(Data records)
────────────────────────────────────────

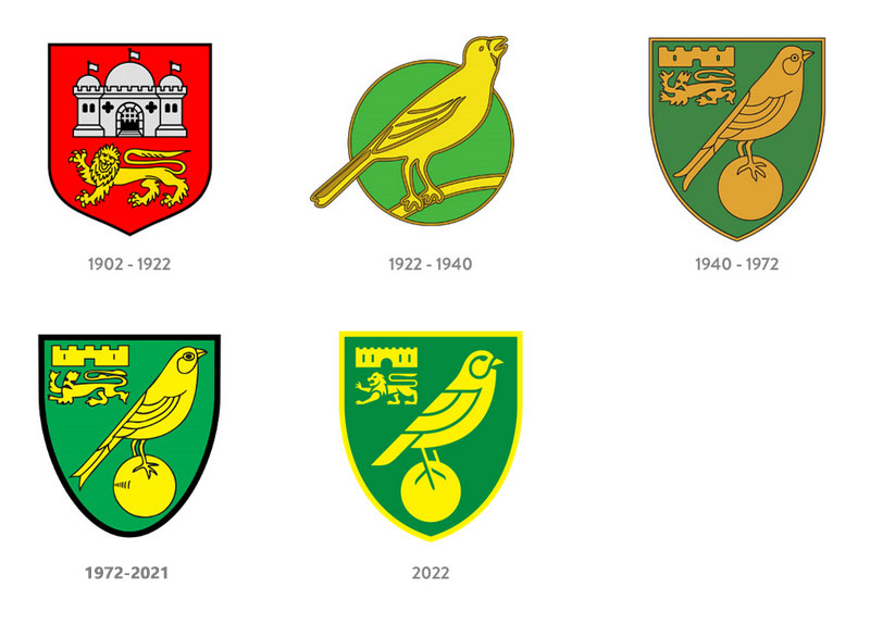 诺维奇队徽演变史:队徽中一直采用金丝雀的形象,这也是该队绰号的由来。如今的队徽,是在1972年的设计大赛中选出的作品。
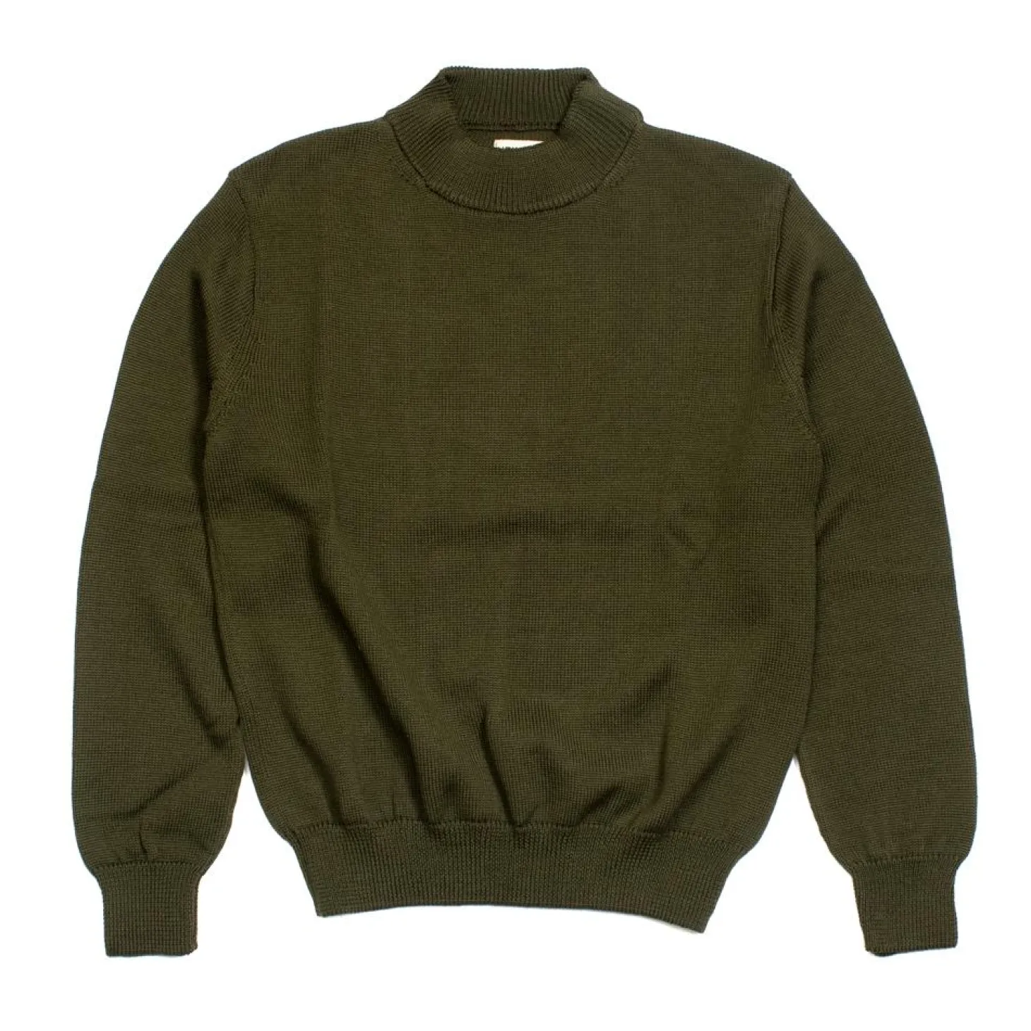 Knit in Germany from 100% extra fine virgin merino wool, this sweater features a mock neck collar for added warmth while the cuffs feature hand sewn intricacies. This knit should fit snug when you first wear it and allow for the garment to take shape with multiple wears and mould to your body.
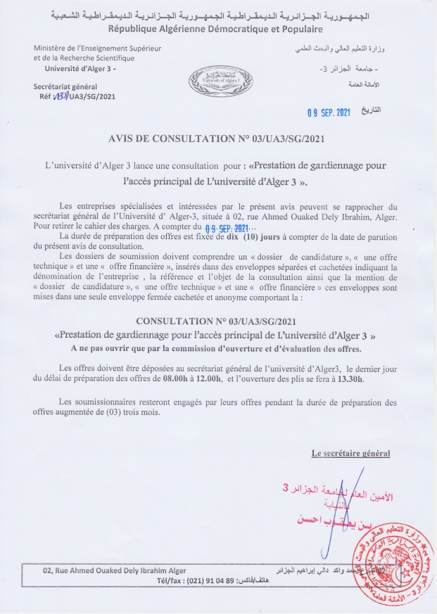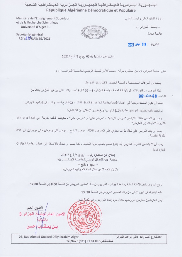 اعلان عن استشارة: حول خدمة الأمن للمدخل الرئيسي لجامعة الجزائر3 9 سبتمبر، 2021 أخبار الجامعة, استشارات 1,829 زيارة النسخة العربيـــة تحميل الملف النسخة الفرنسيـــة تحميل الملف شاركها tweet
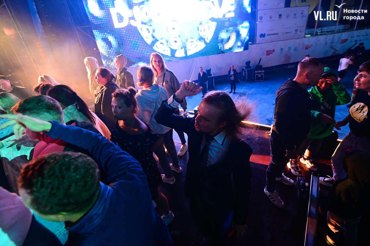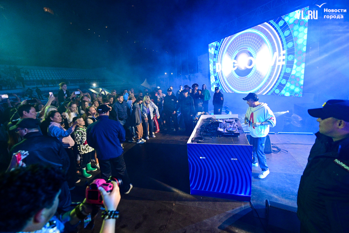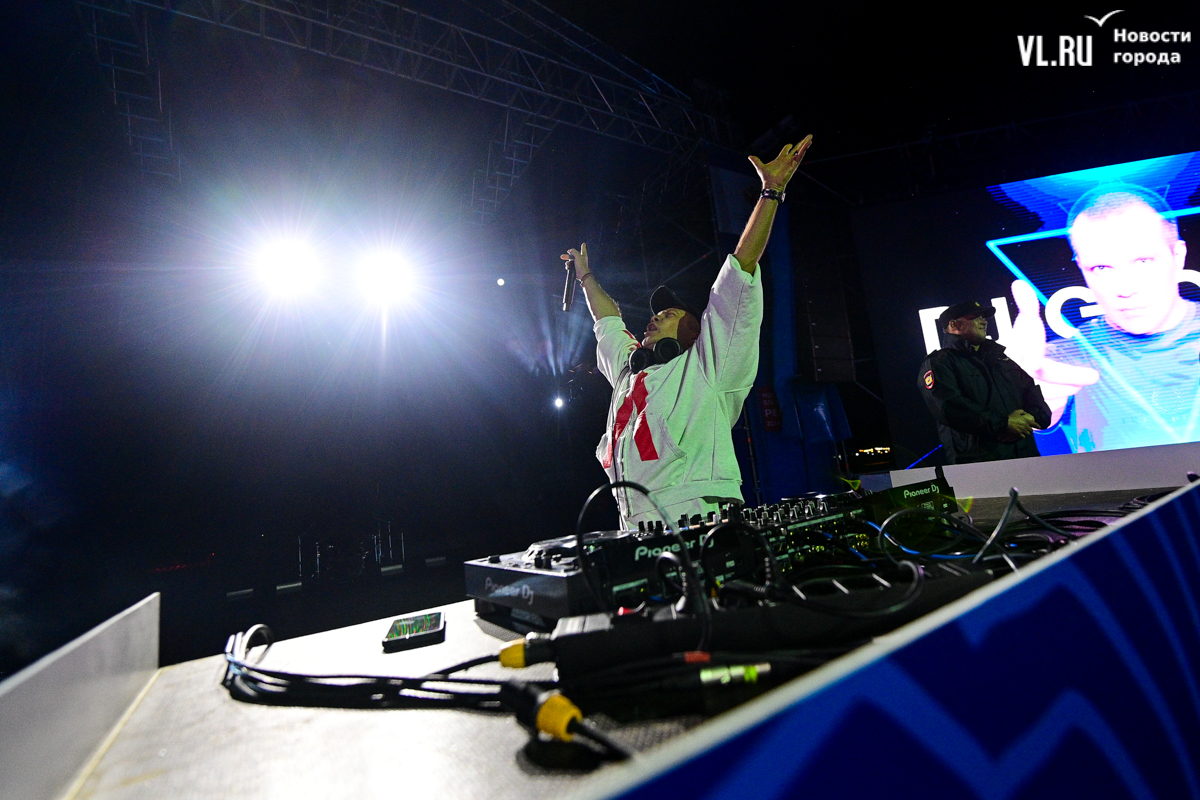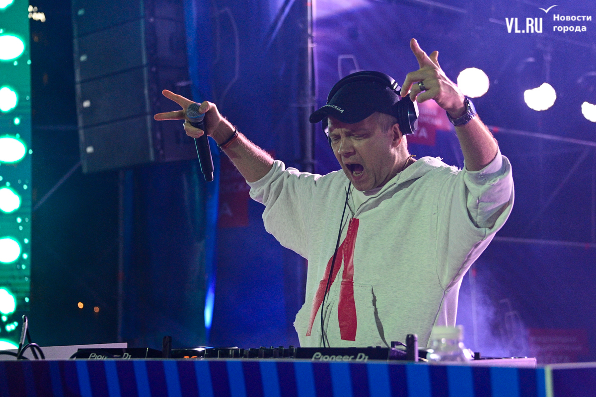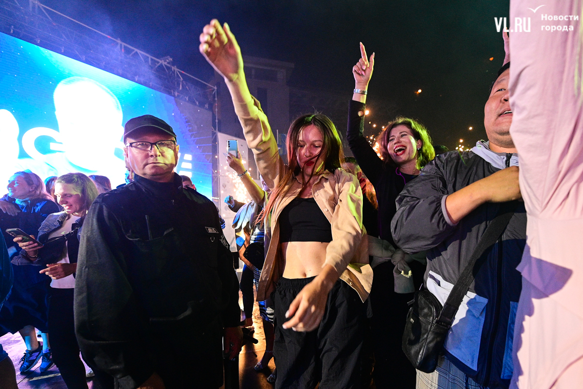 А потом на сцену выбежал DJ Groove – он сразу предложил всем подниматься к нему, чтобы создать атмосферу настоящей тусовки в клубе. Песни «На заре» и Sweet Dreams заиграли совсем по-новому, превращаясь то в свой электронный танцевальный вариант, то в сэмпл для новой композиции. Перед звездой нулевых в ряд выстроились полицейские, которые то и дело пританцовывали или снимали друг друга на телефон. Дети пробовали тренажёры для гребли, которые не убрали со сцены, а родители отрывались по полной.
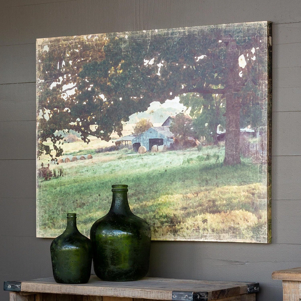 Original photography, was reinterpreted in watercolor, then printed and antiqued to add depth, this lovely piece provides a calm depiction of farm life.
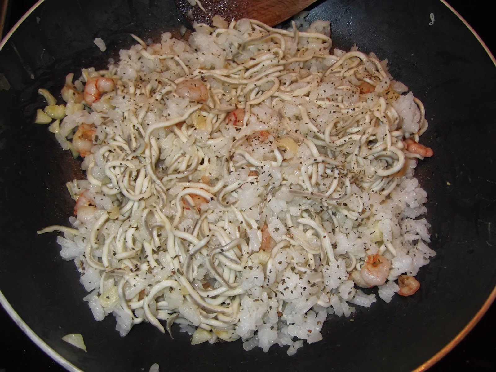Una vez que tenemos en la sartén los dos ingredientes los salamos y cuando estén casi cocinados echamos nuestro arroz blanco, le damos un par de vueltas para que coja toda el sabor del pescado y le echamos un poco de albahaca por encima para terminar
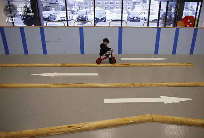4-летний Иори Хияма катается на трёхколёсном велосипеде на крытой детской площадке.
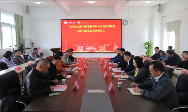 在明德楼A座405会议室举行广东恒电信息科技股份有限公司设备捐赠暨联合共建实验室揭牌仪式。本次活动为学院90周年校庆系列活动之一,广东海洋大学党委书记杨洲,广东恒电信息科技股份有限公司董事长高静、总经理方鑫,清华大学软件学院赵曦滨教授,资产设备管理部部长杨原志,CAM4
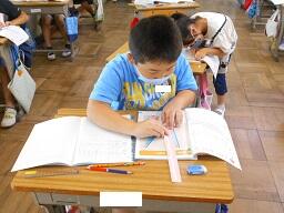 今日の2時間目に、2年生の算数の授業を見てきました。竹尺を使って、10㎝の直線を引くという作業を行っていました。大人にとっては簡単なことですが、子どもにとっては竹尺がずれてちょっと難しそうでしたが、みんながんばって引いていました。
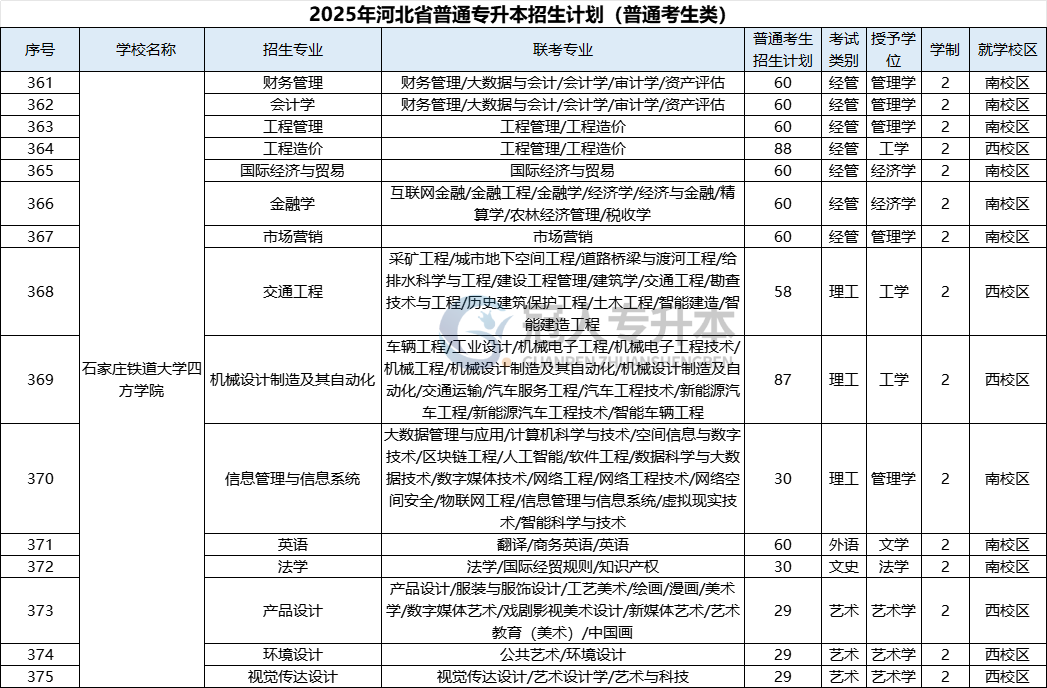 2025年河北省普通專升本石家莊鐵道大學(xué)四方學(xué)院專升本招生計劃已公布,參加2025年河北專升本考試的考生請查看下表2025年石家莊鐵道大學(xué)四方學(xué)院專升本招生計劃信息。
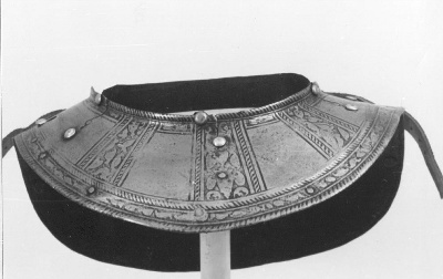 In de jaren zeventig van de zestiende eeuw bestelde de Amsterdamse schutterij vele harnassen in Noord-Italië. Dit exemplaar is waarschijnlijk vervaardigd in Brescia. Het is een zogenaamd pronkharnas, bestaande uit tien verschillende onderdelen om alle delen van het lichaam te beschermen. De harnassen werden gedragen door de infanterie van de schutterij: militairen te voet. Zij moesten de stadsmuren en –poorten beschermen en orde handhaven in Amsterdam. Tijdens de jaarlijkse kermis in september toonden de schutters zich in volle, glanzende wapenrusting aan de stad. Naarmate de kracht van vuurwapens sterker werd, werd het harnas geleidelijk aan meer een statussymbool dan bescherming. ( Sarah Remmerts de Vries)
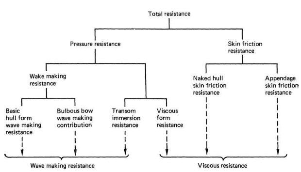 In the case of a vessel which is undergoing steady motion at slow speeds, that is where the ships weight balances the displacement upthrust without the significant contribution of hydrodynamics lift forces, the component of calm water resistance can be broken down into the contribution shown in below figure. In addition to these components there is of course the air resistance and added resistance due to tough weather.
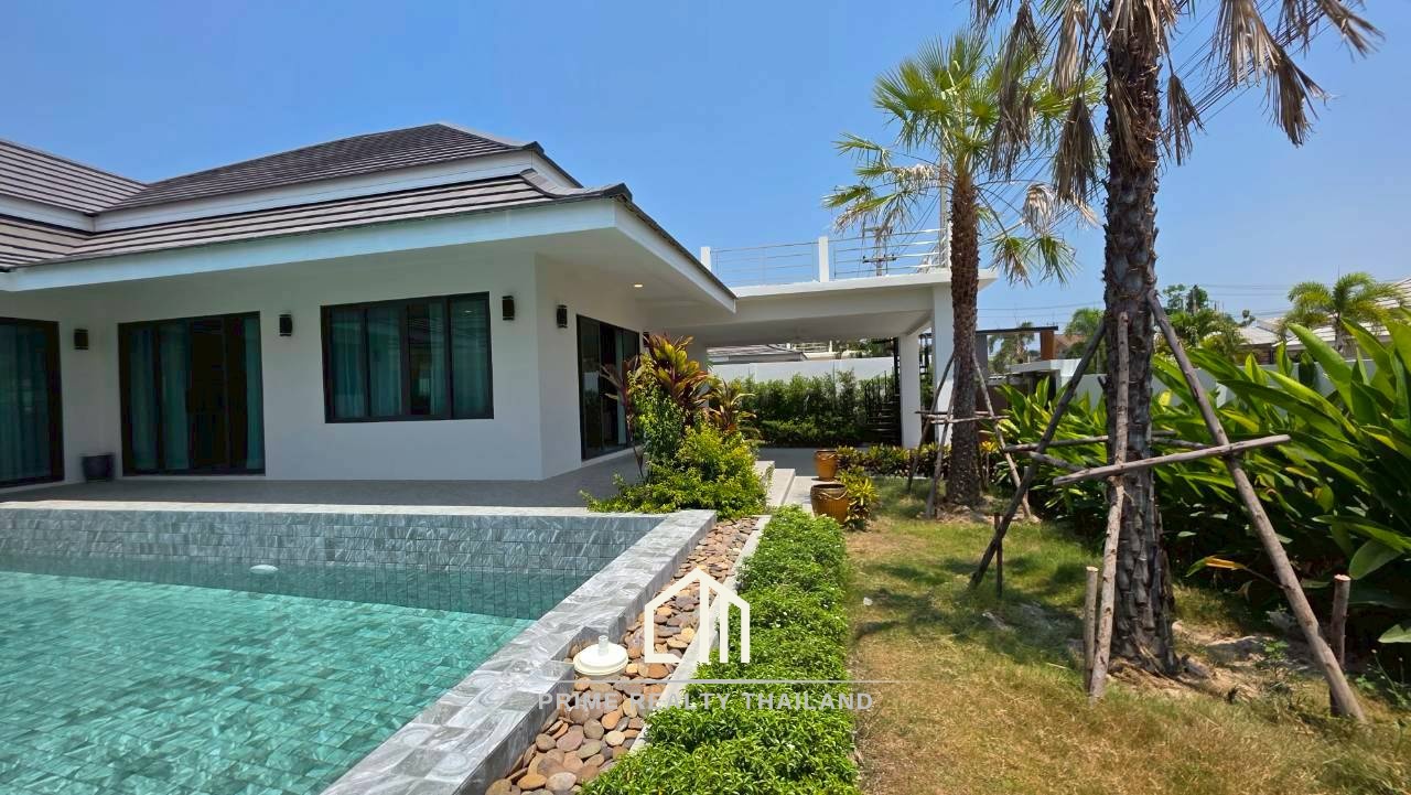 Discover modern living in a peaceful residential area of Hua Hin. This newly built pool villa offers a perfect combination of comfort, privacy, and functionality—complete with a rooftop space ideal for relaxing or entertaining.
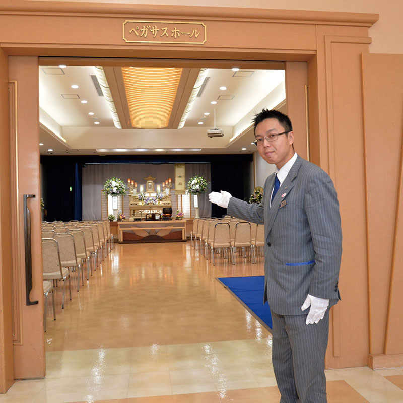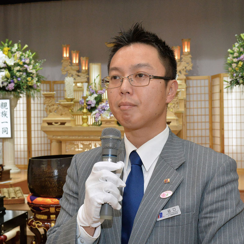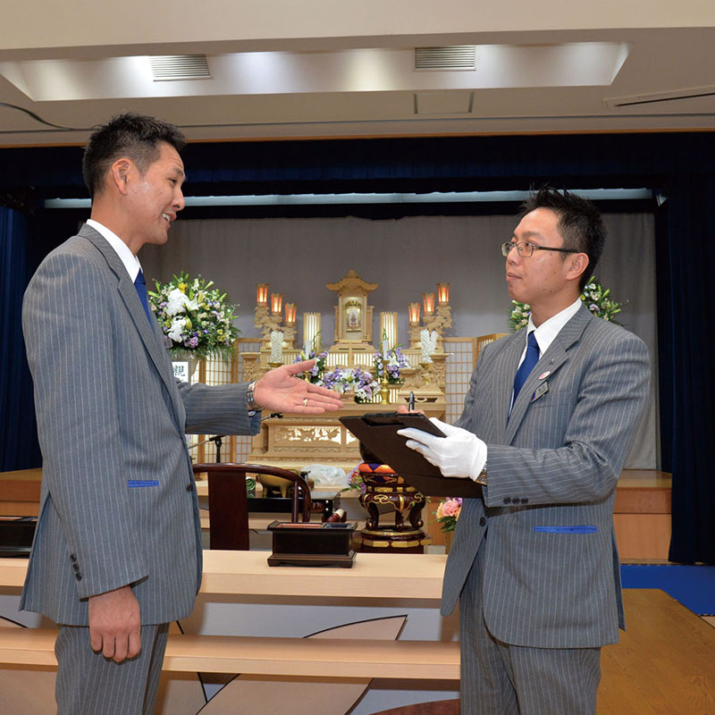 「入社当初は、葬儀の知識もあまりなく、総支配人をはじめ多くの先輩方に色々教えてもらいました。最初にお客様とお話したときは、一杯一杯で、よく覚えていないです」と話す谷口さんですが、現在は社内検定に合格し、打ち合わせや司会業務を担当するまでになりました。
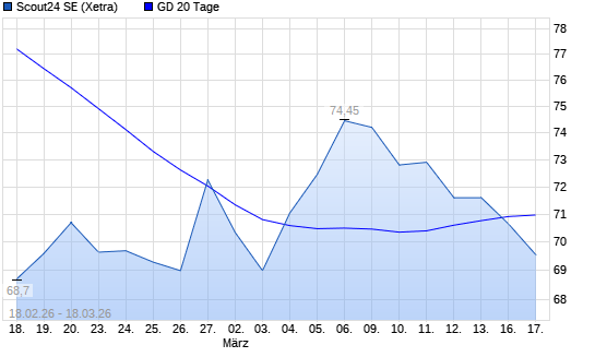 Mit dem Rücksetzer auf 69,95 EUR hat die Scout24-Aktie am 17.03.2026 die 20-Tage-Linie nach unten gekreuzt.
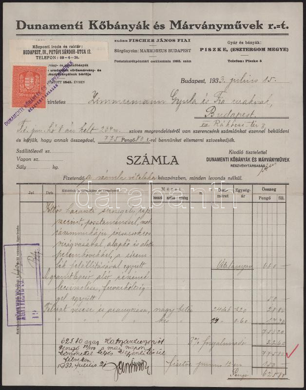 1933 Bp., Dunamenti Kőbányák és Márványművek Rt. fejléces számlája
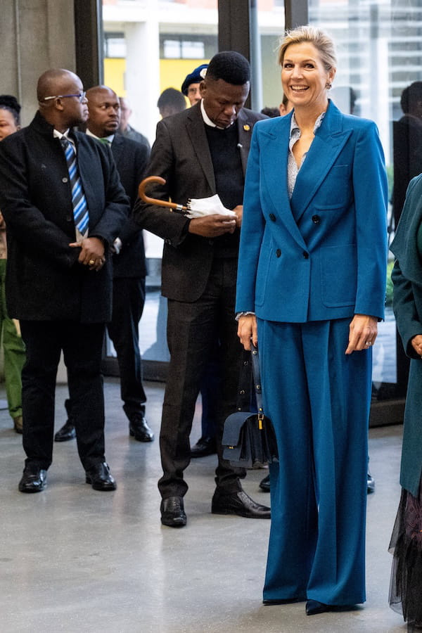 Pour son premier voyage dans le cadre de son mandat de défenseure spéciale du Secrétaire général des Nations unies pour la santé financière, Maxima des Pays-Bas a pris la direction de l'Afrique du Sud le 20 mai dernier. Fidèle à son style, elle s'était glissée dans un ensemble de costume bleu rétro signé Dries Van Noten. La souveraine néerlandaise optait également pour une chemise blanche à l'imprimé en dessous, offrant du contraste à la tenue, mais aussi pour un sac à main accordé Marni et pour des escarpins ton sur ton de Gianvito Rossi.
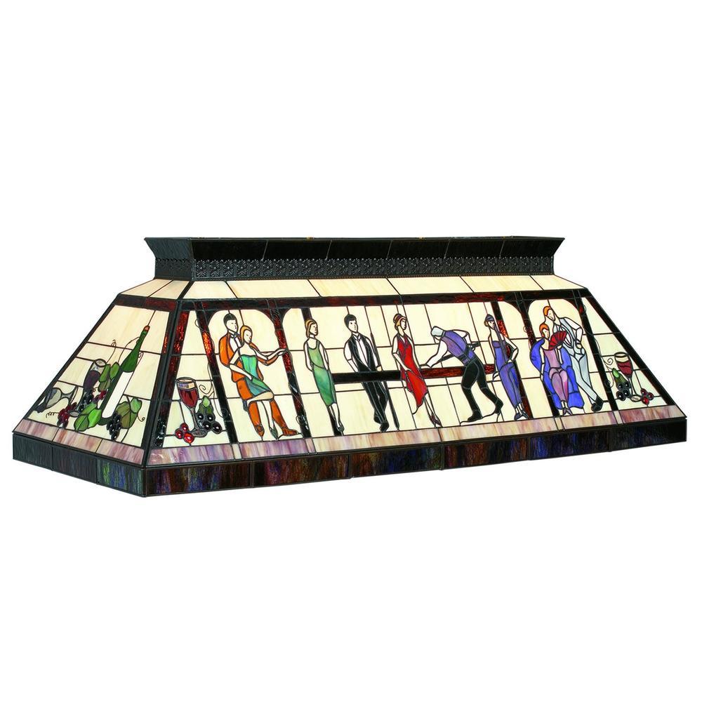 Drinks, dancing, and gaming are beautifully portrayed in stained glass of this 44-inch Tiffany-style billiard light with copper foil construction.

────────────────────────────────────────

What is needed is an exact copy of the lines above from the one with "In de jaren" to the one with "In the case", both ends kept, and nothing more; please leave the pictures out.

(Solution to this exercise)
 In de jaren zeventig van de zestiende eeuw bestelde de Amsterdamse schutterij vele harnassen in Noord-Italië. Dit exemplaar is waarschijnlijk vervaardigd in Brescia. Het is een zogenaamd pronkharnas, bestaande uit tien verschillende onderdelen om alle delen van het lichaam te beschermen. De harnassen werden gedragen door de infanterie van de schutterij: militairen te voet. Zij moesten de stadsmuren en –poorten beschermen en orde handhaven in Amsterdam. Tijdens de jaarlijkse kermis in september toonden de schutters zich in volle, glanzende wapenrusting aan de stad. Naarmate de kracht van vuurwapens sterker werd, werd het harnas geleidelijk aan meer een statussymbool dan bescherming. ( Sarah Remmerts de Vries)
 In the case of a vessel which is undergoing steady motion at slow speeds, that is where the ships weight balances the displacement upthrust without the significant contribution of hydrodynamics lift forces, the component of calm water resistance can be broken down into the contribution shown in below figure. In addition to these components there is of course the air resistance and added resistance due to tough weather.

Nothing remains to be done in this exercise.